* _WHAT YOU ARE ASKED TO DO_
Extract the opening line of the entries and every line after it, stopping at and including the line that contains "Design de gato". Do not include pictures.

------------------------------------------------

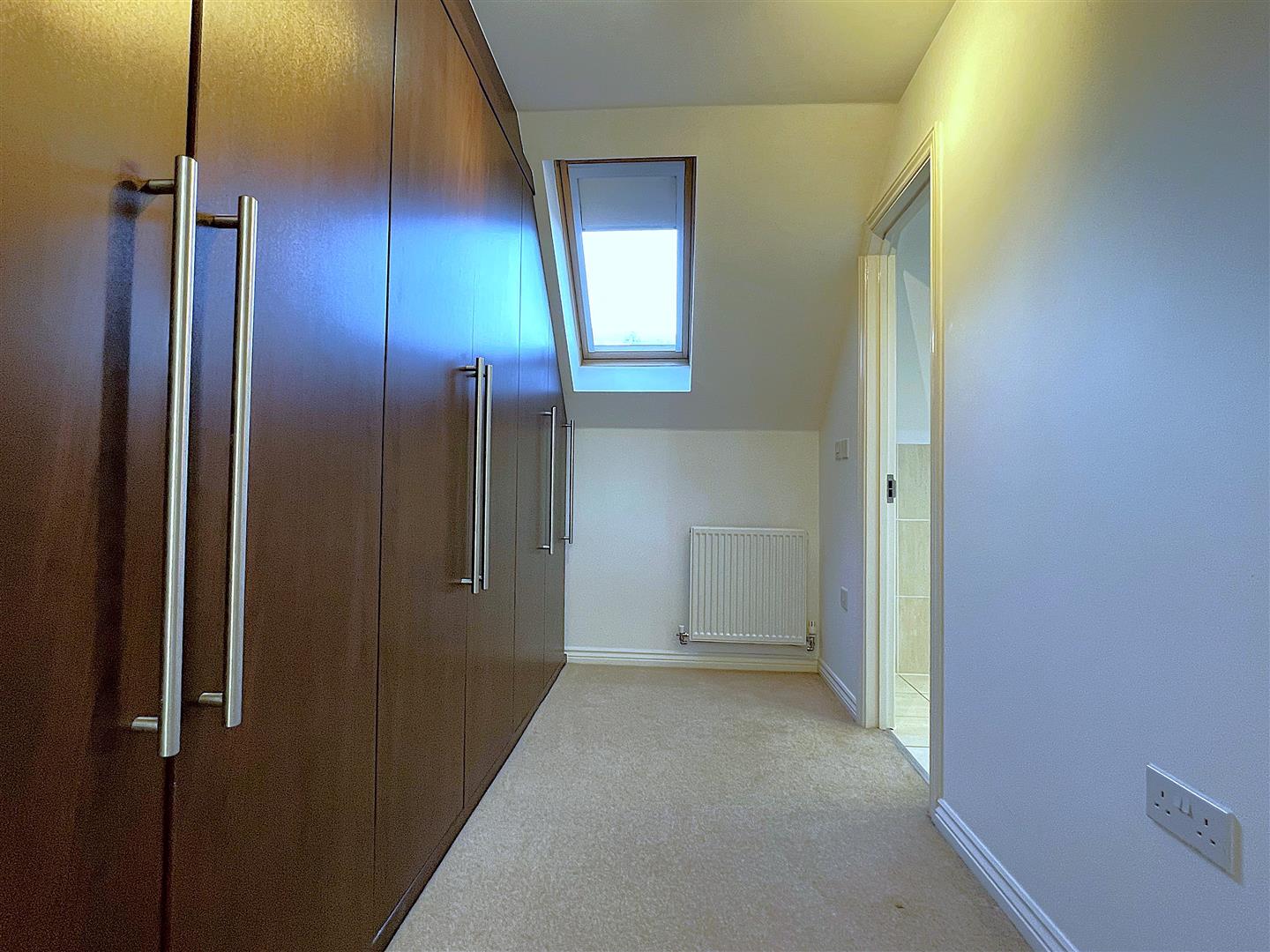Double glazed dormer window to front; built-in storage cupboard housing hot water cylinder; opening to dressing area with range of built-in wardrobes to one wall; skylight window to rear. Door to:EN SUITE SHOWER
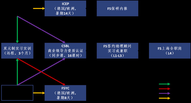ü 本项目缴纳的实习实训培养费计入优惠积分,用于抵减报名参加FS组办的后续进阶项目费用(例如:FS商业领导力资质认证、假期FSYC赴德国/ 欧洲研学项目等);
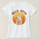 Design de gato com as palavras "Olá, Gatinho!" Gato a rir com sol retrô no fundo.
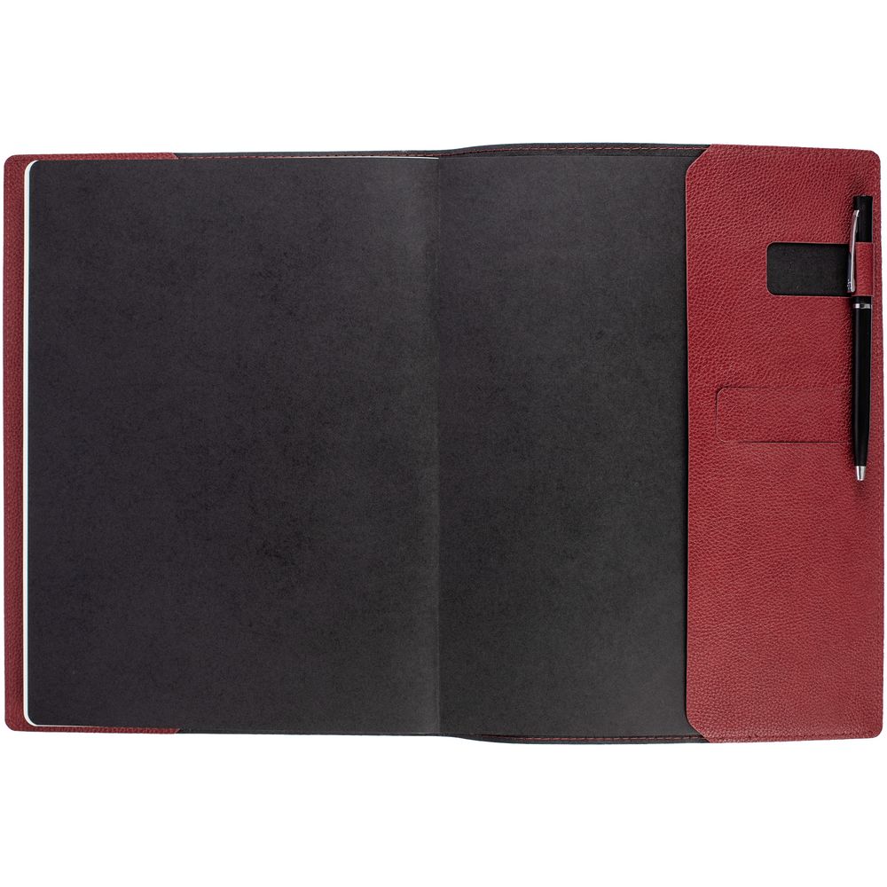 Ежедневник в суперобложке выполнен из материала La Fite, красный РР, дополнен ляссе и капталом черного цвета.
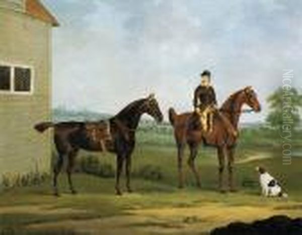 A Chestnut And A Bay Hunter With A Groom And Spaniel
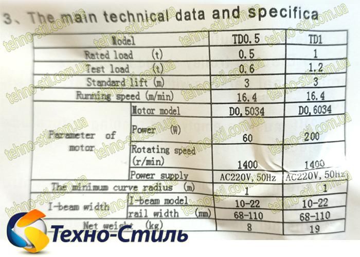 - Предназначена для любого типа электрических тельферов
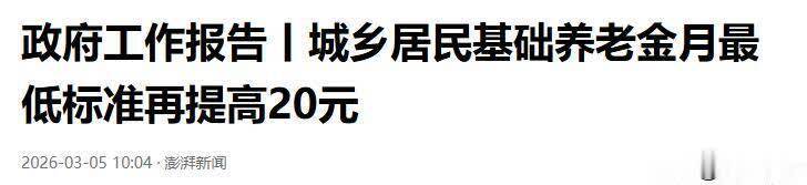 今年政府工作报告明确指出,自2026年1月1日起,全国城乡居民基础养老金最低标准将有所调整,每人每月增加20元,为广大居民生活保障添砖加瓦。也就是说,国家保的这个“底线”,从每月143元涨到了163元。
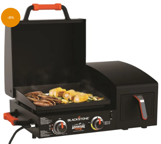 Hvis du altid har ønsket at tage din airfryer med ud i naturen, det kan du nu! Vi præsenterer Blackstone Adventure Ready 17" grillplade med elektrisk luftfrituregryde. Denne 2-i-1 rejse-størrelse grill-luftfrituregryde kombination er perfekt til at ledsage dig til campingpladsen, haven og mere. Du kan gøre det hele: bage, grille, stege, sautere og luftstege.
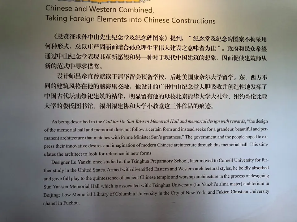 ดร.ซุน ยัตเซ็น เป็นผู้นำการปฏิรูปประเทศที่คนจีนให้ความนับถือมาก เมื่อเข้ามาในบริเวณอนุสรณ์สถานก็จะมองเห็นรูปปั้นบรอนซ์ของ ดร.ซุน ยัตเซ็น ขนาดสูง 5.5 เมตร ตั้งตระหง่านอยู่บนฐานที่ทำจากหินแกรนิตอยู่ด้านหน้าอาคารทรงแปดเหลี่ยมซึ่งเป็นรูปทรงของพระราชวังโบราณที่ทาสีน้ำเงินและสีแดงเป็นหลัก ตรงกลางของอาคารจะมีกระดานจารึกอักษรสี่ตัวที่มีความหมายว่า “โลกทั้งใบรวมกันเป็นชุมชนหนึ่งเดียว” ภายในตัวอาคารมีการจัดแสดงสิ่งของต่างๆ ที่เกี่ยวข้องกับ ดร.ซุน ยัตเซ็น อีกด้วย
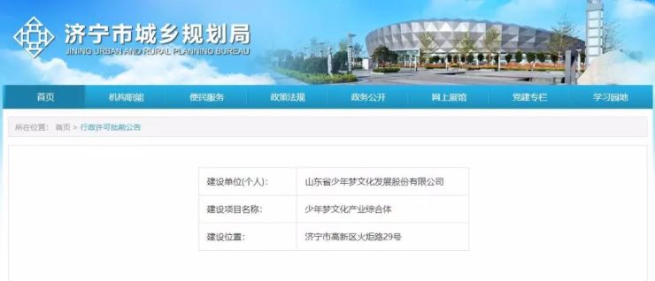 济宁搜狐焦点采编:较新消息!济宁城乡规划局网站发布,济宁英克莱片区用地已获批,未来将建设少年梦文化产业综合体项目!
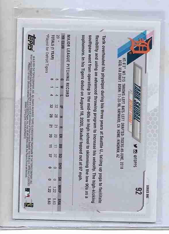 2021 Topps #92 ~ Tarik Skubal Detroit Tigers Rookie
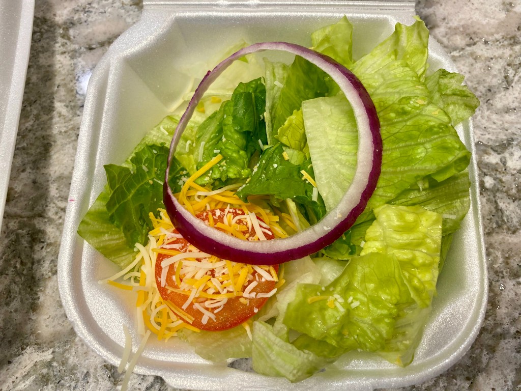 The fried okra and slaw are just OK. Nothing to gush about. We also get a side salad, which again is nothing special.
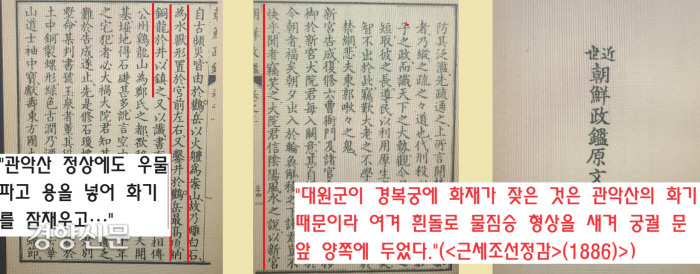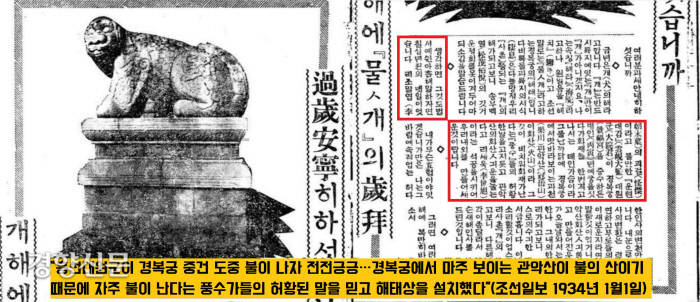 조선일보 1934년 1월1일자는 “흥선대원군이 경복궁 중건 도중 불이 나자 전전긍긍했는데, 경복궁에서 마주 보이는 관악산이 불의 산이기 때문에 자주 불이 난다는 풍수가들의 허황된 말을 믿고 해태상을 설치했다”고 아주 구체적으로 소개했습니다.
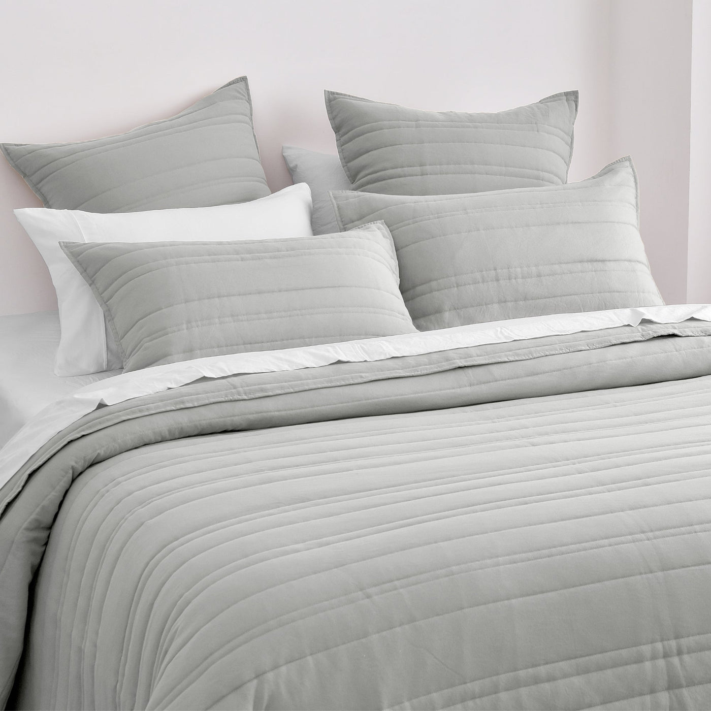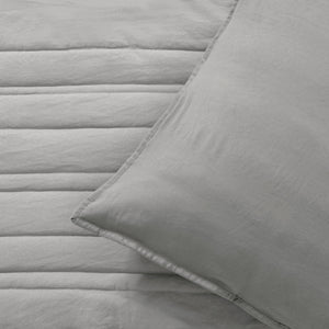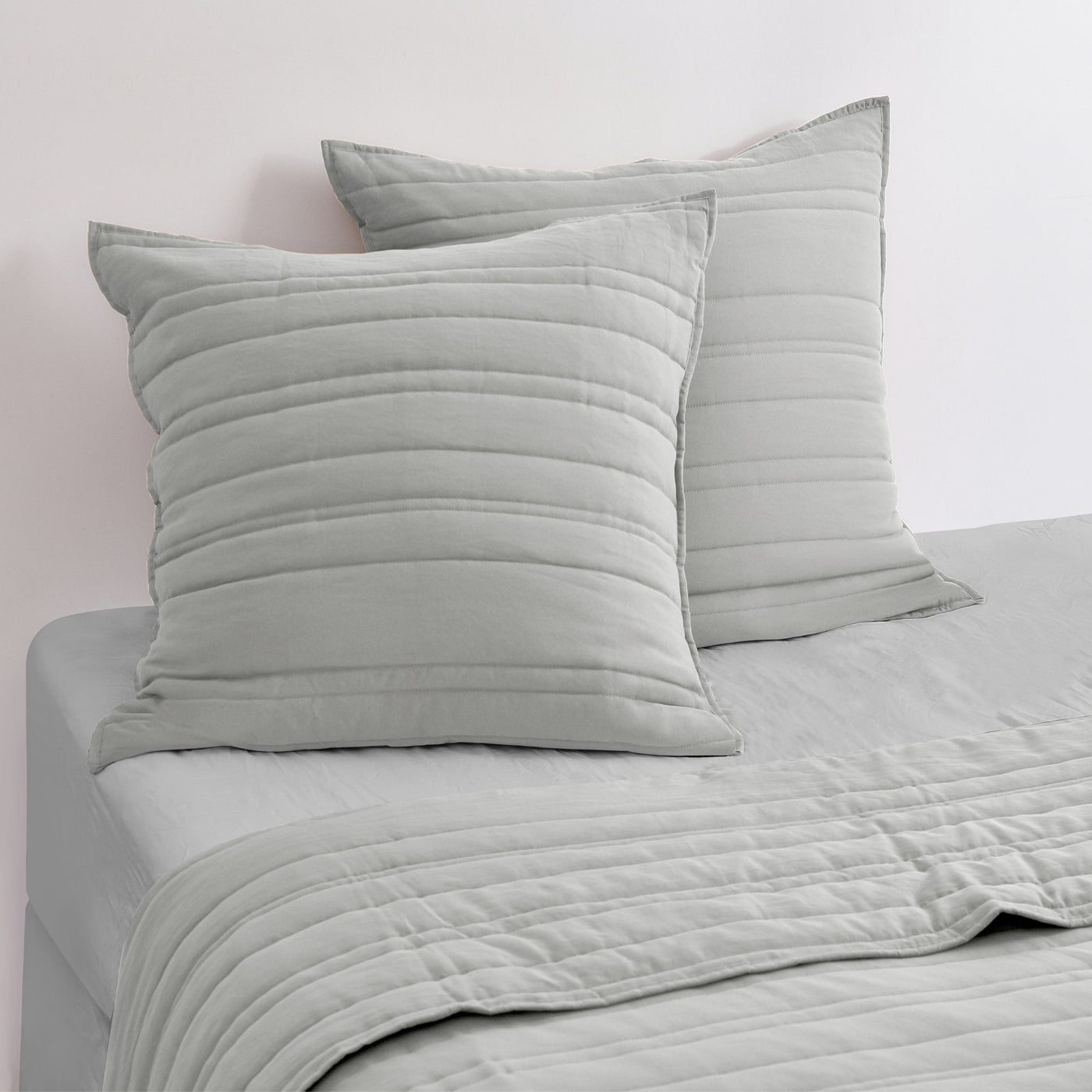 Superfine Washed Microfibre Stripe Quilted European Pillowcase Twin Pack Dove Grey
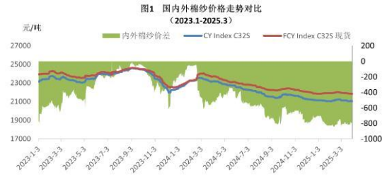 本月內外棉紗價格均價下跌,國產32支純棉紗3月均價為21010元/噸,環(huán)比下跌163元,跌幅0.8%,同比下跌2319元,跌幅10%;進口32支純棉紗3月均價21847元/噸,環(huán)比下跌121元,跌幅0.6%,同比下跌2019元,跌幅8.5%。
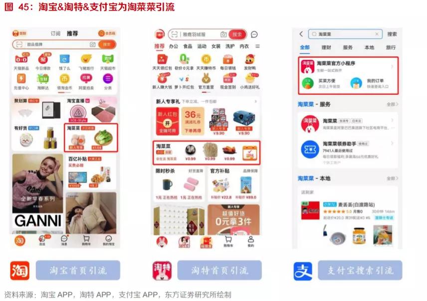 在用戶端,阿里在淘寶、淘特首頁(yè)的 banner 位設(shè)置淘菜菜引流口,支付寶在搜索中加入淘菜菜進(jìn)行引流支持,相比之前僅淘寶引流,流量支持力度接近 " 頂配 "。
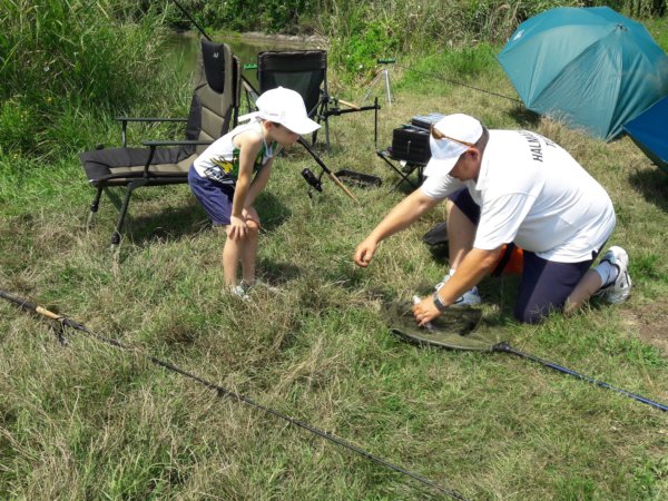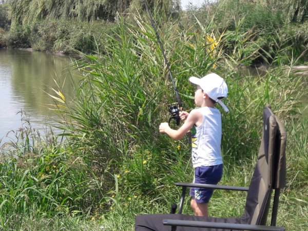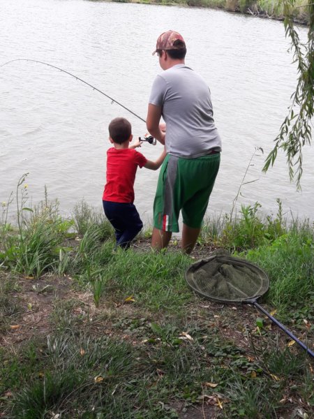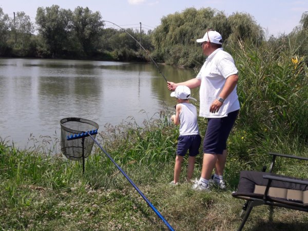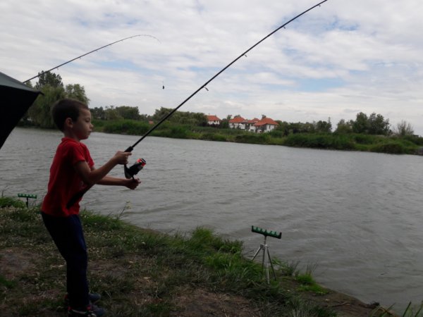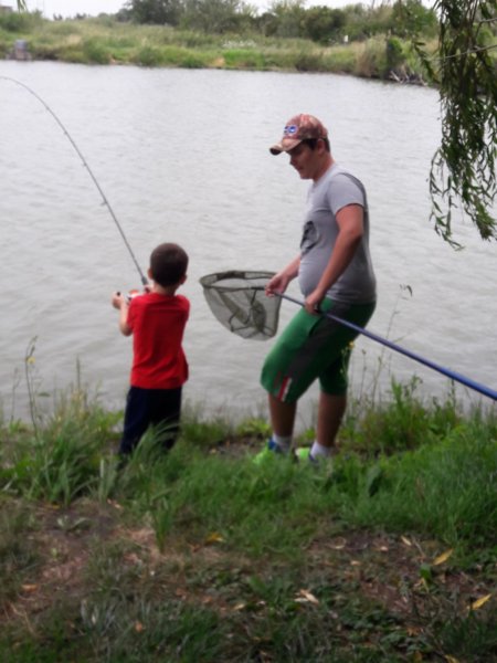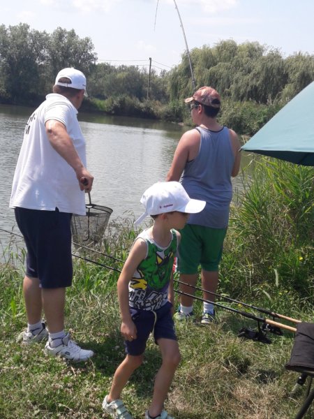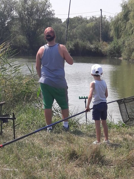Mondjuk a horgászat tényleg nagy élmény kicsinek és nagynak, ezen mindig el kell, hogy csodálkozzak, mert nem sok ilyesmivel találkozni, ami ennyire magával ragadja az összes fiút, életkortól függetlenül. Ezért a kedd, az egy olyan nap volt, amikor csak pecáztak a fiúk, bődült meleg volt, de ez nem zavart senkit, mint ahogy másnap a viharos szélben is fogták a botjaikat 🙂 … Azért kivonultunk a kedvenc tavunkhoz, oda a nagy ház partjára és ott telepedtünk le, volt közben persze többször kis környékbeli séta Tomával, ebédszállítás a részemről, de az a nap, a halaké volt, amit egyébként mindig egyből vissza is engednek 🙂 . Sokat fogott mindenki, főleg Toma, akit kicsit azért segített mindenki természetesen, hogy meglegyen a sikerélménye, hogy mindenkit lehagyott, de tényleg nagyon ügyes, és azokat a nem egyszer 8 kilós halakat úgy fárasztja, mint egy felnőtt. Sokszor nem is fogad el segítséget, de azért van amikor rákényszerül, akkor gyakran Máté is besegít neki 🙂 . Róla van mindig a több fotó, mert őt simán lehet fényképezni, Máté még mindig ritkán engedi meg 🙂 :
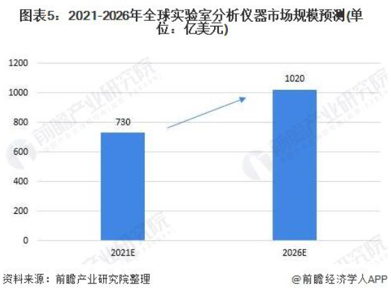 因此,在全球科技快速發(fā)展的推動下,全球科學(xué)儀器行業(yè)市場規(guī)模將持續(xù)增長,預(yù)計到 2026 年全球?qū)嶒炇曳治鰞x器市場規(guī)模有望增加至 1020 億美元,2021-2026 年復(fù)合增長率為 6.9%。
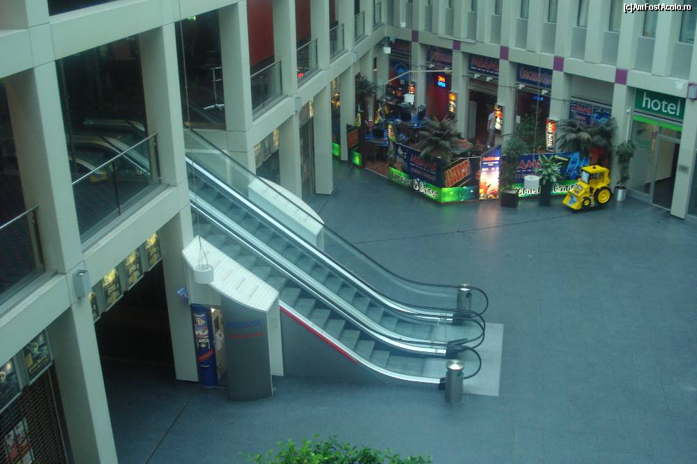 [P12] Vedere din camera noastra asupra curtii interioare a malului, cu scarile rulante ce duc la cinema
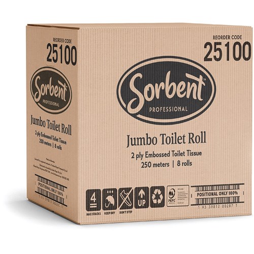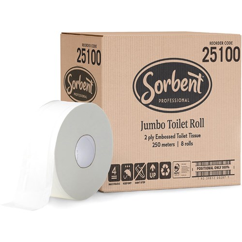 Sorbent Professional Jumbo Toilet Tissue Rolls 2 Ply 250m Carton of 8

------------------------------------------------

* _OUTPUT FOR THIS EXERCISE_
Double glazed dormer window to front; built-in storage cupboard housing hot water cylinder; opening to dressing area with range of built-in wardrobes to one wall; skylight window to rear. Door to:EN SUITE SHOWER
ü 本项目缴纳的实习实训培养费计入优惠积分,用于抵减报名参加FS组办的后续进阶项目费用(例如:FS商业领导力资质认证、假期FSYC赴德国/ 欧洲研学项目等);
 Design de gato com as palavras "Olá, Gatinho!" Gato a rir com sol retrô no fundo.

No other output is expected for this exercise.